Once you adopt that architecture, frontier versus local stops being an identity and becomes a per-task routing decision:
- Frontier model at design time when the problem is hard or novel, when you want that diagnostic reasoning, and when the task description and sample data are shareable. You pay cents, once.
- Local model at design time when the data cannot leave the building. Our results say that with history-preserving retries and prescriptive prompts, it handles the common cases to the same verified standard.
- Neither at runtime. The frozen code runs on your infrastructure either way.
The verification harness is what makes this safe, and it is model-agnostic by construction. Ours caught the same bugs whether the code came from a 2024 open model, a 2026 open model, or a frontier API. That is also your insurance policy against a fast-moving market: when a better model ships next quarter, you swap the engine and keep the guardrails, the workflows, and the audit trail. This is how Build Studio is built, and it is why the model dropdown is a configuration detail there rather than a commitment.
Bottom line
Do not pick a side. Pick a verification-first architecture, route each task to the cheapest model that passes verification under your data constraints, and freeze what passes. The models will keep changing. That decision framework will not.
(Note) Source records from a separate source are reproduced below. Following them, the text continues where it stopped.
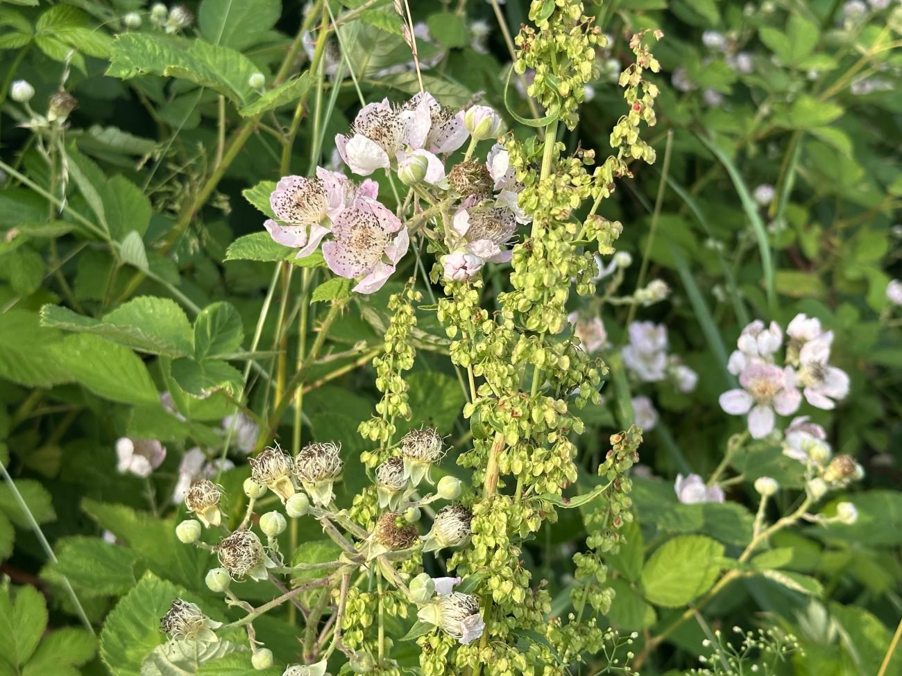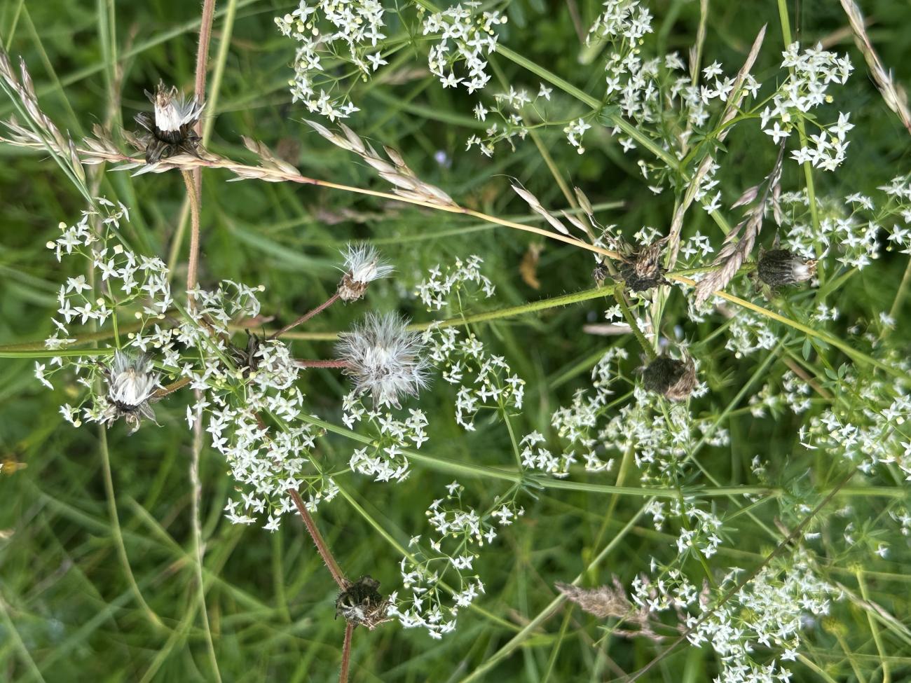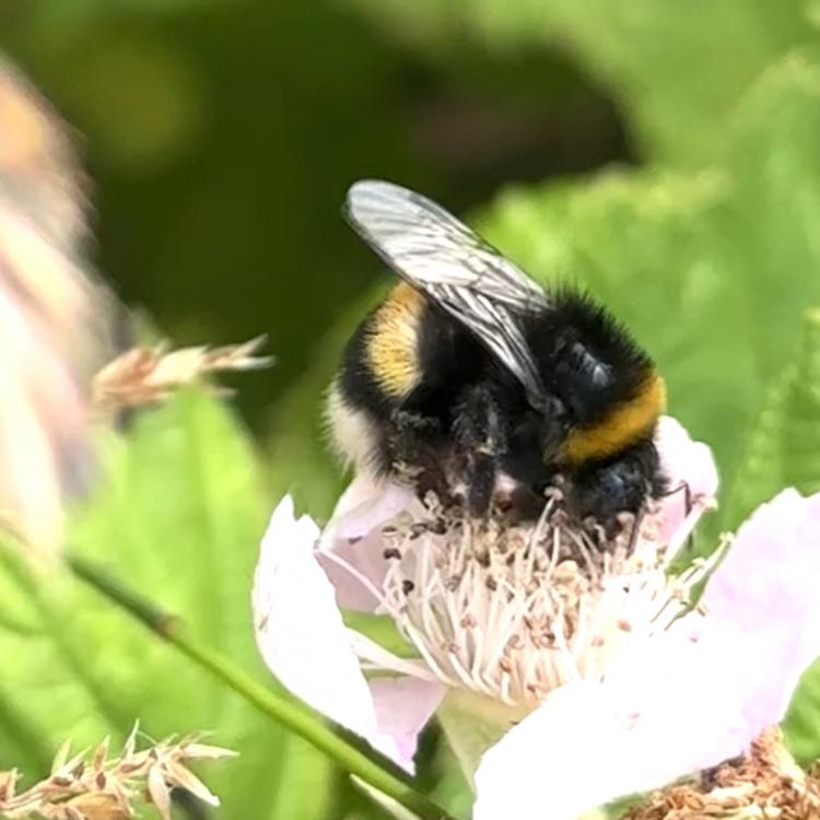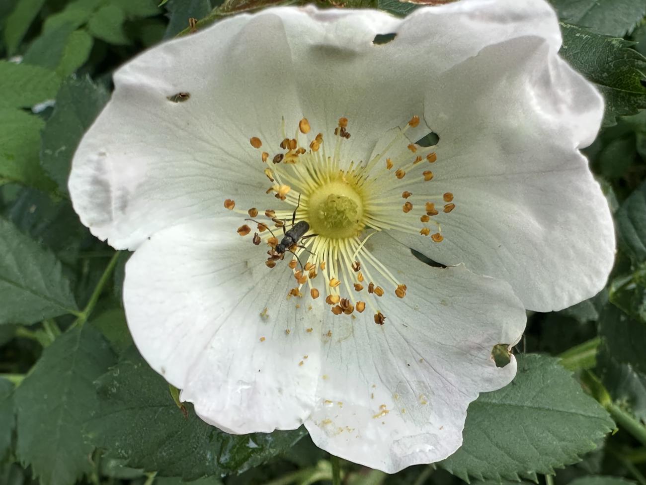 Heute war ein ganz besonderer Tag hier an der Fläche: An der großen Brombeerhecke habe ich sage und schreibe 3 Exemplare des Geschienten Pinselkäfers gesichtet (manchmal auch Gebänderter Pinselkäfer genannt). Diese Käferart ist wunderbar und nur selten zu sehen - und dann gleich 3 davon! Ich habe sie nur an diesem einen Tag gesehen, dann nicht mehr. Außerdem jede Menge Insekten an den Brombeerblüten: Hummeln, Käfer aller Art, eine schöne Schnake, wunderbar war auch die Tanzfliege, die ich zusammen mit einem Pinselkäfer fotografieren konnte. Ein Ameisensackkäfer, eine Schwebfliege der Art Eupeodes. Diese Brombeerblüten sind heute ein Fest für die Insekten, die sich hier heute wohl alle treffen. Ein Falke flog über die R7-Spitzäcker.
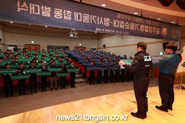 [뉴스21/장병기 기자] 광주경찰청은(청장 한창훈) ’24. 2. 20(화) 14:00 광주경찰청 강당에서 「기동순찰대ㆍ형사기동대 합동 발대식」을 개최하였다.
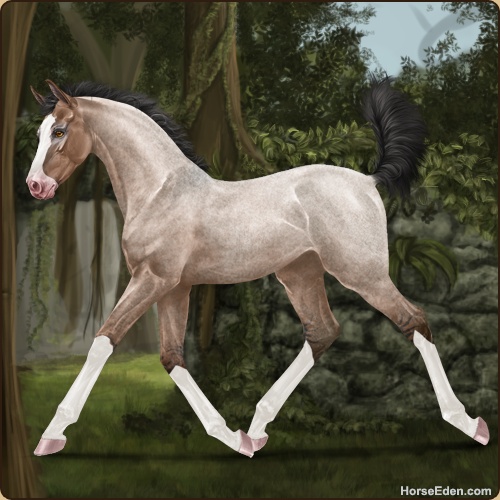 Color: Mahogany Bay Roan Dun Sabino
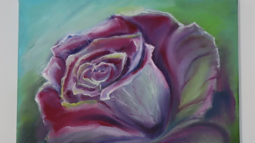 Представленная картина изображает розу крупным планом, демонстрируя мастерство художника в передаче деталей цветка. Лепестки розы выполнены с использованием насыщенных красных и фиолетовых оттенков, плавно переходящих друг в друга...

If you want to see the pattern on your own data, build your first workflow against a task you already know the right answer to. That last part is the whole trick: always test AI against work you can check.
Methodology notes: five tasks with independently computed ground truth; generated code executed and graded automatically; local models run quantized on a desktop-class machine; retry loops capped at eight rounds; "pass" means exact agreement with precomputed answers. Pricing as published by Anthropic and Google at the time of writing; check the current pages before budgeting.